The company said it’s taking steps to “help protect against these types of issues in the future and to provide better communication during any sort of disruption.” These steps include deploying a new set of firewall and DNS server changes to guard against the same issue happening again, instituting further “operational measures” to “limit the risk of future outage,” expanding offline payment capabilities, and also providing faster communication about Square’s current health via a variety of channels.
In addition to the outages highlighted above, let’s close by taking a look at some of the global trends ThousandEyes observed across ISPs, cloud service provider networks, collaboration app networks, and edge networks over the past two weeks (August 28-September 10):
While the Northern Hemisphere summer technically isn’t over until the autumnal equinox on September 23, with the school year starting, for all intents and purposes the main summer season has come to a close. The end of the summer season coincided with an upward trend in global outages over the two-week period from August 28-September 10. During this period, outages initially rose from 129 to 164, a 27% increase when compared to August 21-27. This was followed by a 12% increase the following week, with observed outages rising from 164 to 184 (see the chart below).
U.S.-centric outages reflected the same pattern, with an upward trend over the same two-week period. Initially rising from 63 to 66—a 5% increase when compared to August 21-27, they again rose from 66 to 91 the next week, a 38% increase.
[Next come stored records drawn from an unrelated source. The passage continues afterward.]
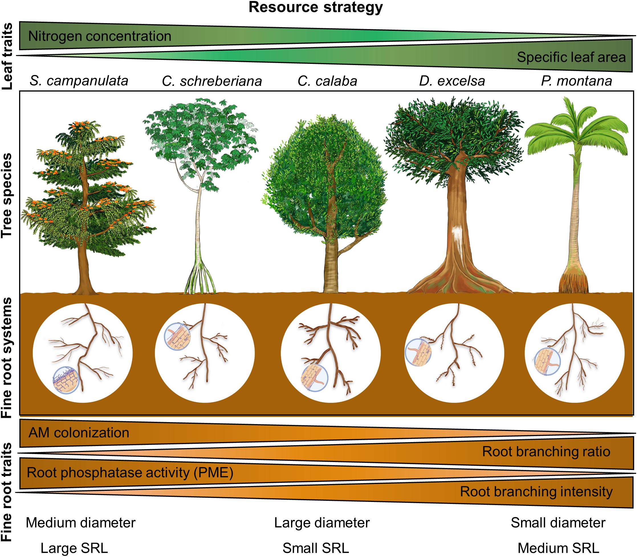 Figure 6. Conceptual diagram of belowground phosphorus-acquisition strategies of five tropical tree species from Puerto Rico. Our results highlight a trade-off between highly colonized fine roots with high phosphatase activity and fine roots that have a high degree of branching. Furthermore, the former strategy is adopted by pioneer species (Spathodea campanulata and Cecropia schreberiana), whereas the latter is adopted by non-pioneer species (mostly Dacryodes excelsa and Prestoea montana). Root phosphorus concentration was not included here because no clear pattern was found across species.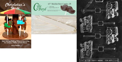 Cybrtrayd 'X-Mas Engine Pop' Christmas Chocolate Candy Mold with 25 4.5-Inch Lollipop Sticks and Chocolatier's Guide
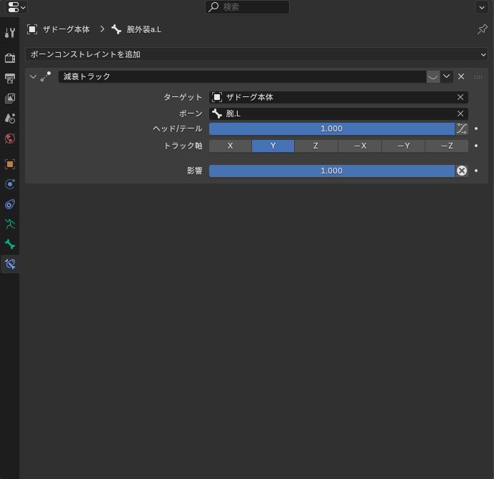 | … | 1026/01/03(土)20:16:24No.1389186399そうだねx2この動きを実現させるのはボーンコンストレイントを使います |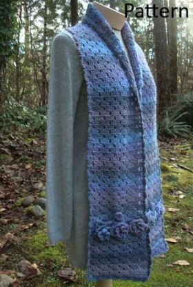 A generously sized scarf that is crocheted in four easy pieces. A strip for the front and back and two pockets. The pockets are trimmed with beautiful flowers and a shell and picot edging across the top. The same shell and picot edging is crocheted around the outside of the scarf while at the same time joining the pockets. Crocheted buttons for fastening the pockets add just a little bit more embellishments for a couture look.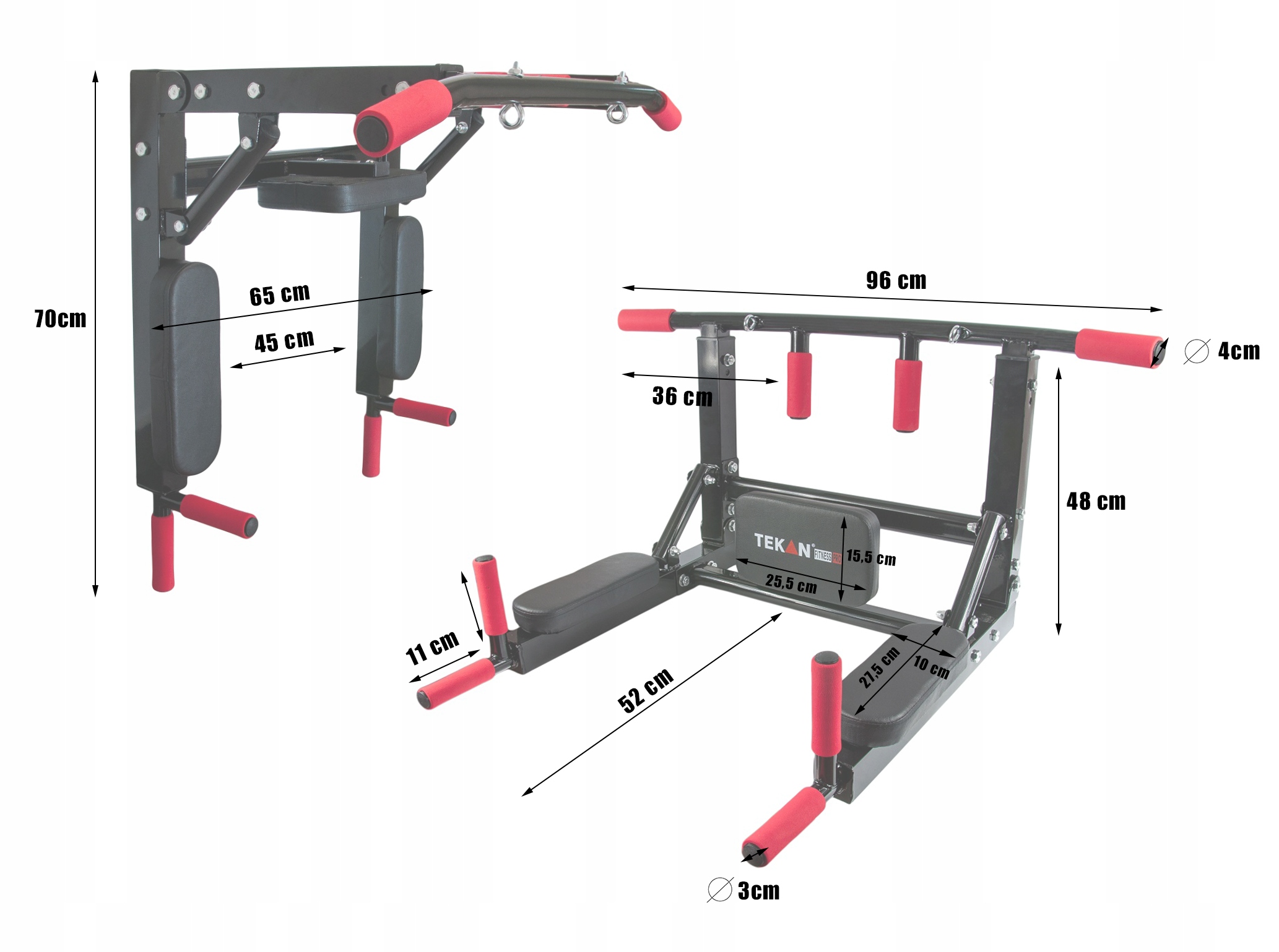 Весь це вішається на стіну за допомогою спеціальних гачків, які входять у комплект. Якщо ви хочете змінити розташування оснащення, просто змініть положення елементана гачках. Виробник також подбав про комфорт занять, доповнивши перила зручною спинкою і підлокітниками, обтягнутими тканиною.

U.S.-centric outages accounted for 45% of all observed outages from August 28-September 10, which is the same percentage observed between August 14-27. This percentage makes sense: Even though the global outage numbers rose from 129 to 184, a 43% increase for this period, they didn’t increase by the same percentage as U.S.-centric outages over the two-week period, which rose from 63 to 91—a 44% increase. By contrast, the previous two-week period saw global outages drop from 171 to 129, a 25% decrease, while US-centric outages rose from 59 to 63, a 7% increase. This also continues the trend of U.S.-centric outages accounting for at least 40% of all observed outages—which has been the case since April except during July 31-August 13.
Looking at total outages in the month of August, global outages rose from 691 to 727, a 5% increase when compared to July. This pattern was not reflected in the U.S., with outages dropping from 308 to 288, a 6% decrease. This downward trend reflects patterns observed in previous years across the Northern Hemisphere summer.